Hi Julie,
Yes for maximum performance, you should probably have a complete CSV format.

To maximize performance, I would suggest to skip the xmlDoc. Instead you 
will need to create a new Class call metro_csv2metro. That class would 
replace metro_dom2metro(metro_dom2metro.py). That way, you would skip 
all xml code.

In The metro_config.py file, the execution sequence would have to be 
changed:

    dConfig['INIT_MODULE_EXECUTION_SEQUENCE'] = \
        {'VALUE'   :["metro_read_forecast", (read the file and put it in 
a string)
                     "metro_validate_forecast", (validate the 
well-formatedness of the XML files) (this is optional)
                     "metro_string2dom_forecast", (create a XMLDOM from 
a string)
                     "metro_read_observation", (read the file and put it 
in a string)
                     "metro_validate_observation", (validate the 
well-formatedness of the XML files) (this is optional)
                     "metro_string2dom_observation", (create a XMLDOM 
from a string)
                     "metro_read_station", (read the file and put it in 
a string)
                     "metro_validate_station", (validate the 
well-formatedness of the XML files) (this is optional)
                     "metro_string2dom_station", (create a XMLDOM from a 
string)
                     "metro_dom2metro", (convert all XMLDOM to the metro 
data structure)
                      ...

would become:

    dConfig['INIT_MODULE_EXECUTION_SEQUENCE'] = \
        {'VALUE'   :["metro_read_forecast", (read the file and put it in 
a string)
                     "metro_validate_forecast", (validate the 
well-formatedness of the CSV files) (this is optional)
                     "metro_string2csv_forecast", (convert string to 
intermediate format)
                     "metro_read_observation", (read the file and put it 
in a string)
                     "metro_validate_observation", (validate the 
well-formatedness of the CSV files) (this is optional)
                     "metro_string2csv_observation", (convert string to 
intermediate format)
                     "metro_read_station", (read the file and put it in 
a string)
                     "metro_validate_station", (validate the 
well-formatedness of the CSV files) (this is optional)
                     "metro_string2csv_station", (convert string to 
intermediate format)
                     "metro_csv2metro", (convert intermediate format to 
the metro data structure)
                     ...

I would do it that way.

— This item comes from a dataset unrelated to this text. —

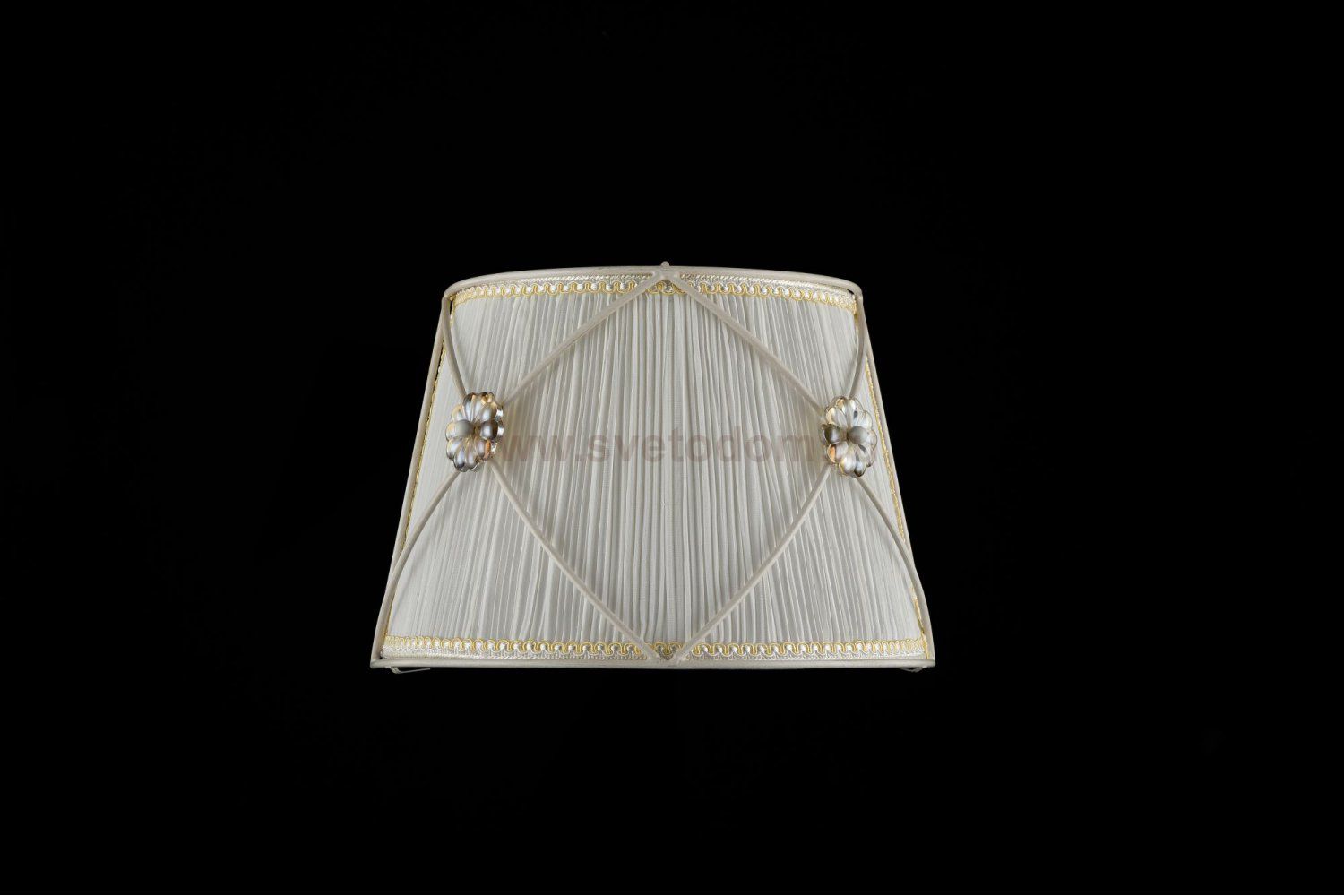 Выполненно с тонким вкусом из качественных материалов. Нежно-бежевый тканевый абажур, сочетание с металлической основой в белом цвете, а также украшения в виде цветов делают бра образцом классического стиля.

I would also try to reuse the metro_config file 
as much as possible to read your CSV file. I would, for exemple, order 
my CSV data for forecast in the order provided by:

--------------------------------------------------------------------------------------------------
    dConfig['XML_FORECAST_PREDICTION_STANDARD_ITEMS'] = \
        {'VALUE' :[{'NAME':"FORECAST_TIME",
                    'XML_TAG':"forecast-time",
                    'DATA_TYPE':"DATE"},

                   {'NAME':"WS",
                    'XML_TAG':"ws",
                    'DATA_TYPE':"REAL"},

                   {'NAME':"AP",
                    'XML_TAG':"ap",
                    'DATA_TYPE':"REAL"},

                   {'NAME':"AT",
                    'XML_TAG':"at",
                    'DATA_TYPE':"REAL"},

                   {'NAME':"TD",
                    'XML_TAG':"td",
                    'DATA_TYPE':"REAL"},

                   {'NAME':"CC",
                    'XML_TAG':"cc",
                    'DATA_TYPE':"INTEGER"},

                   {'NAME':"SN",
                    'XML_TAG':"sn",
                    'DATA_TYPE':"REAL"},

                   {'NAME':"RA",
                    'XML_TAG':"ra",
                    'DATA_TYPE':"REAL"},
                   ],
         'FROM'     :CFG_INTERNAL,
         'COMMENTS' :_("standard forecast prediction items")}
----------------------------------------------------------------------------------
I would also use the 'DATA_TYPE' to convert string to the right type.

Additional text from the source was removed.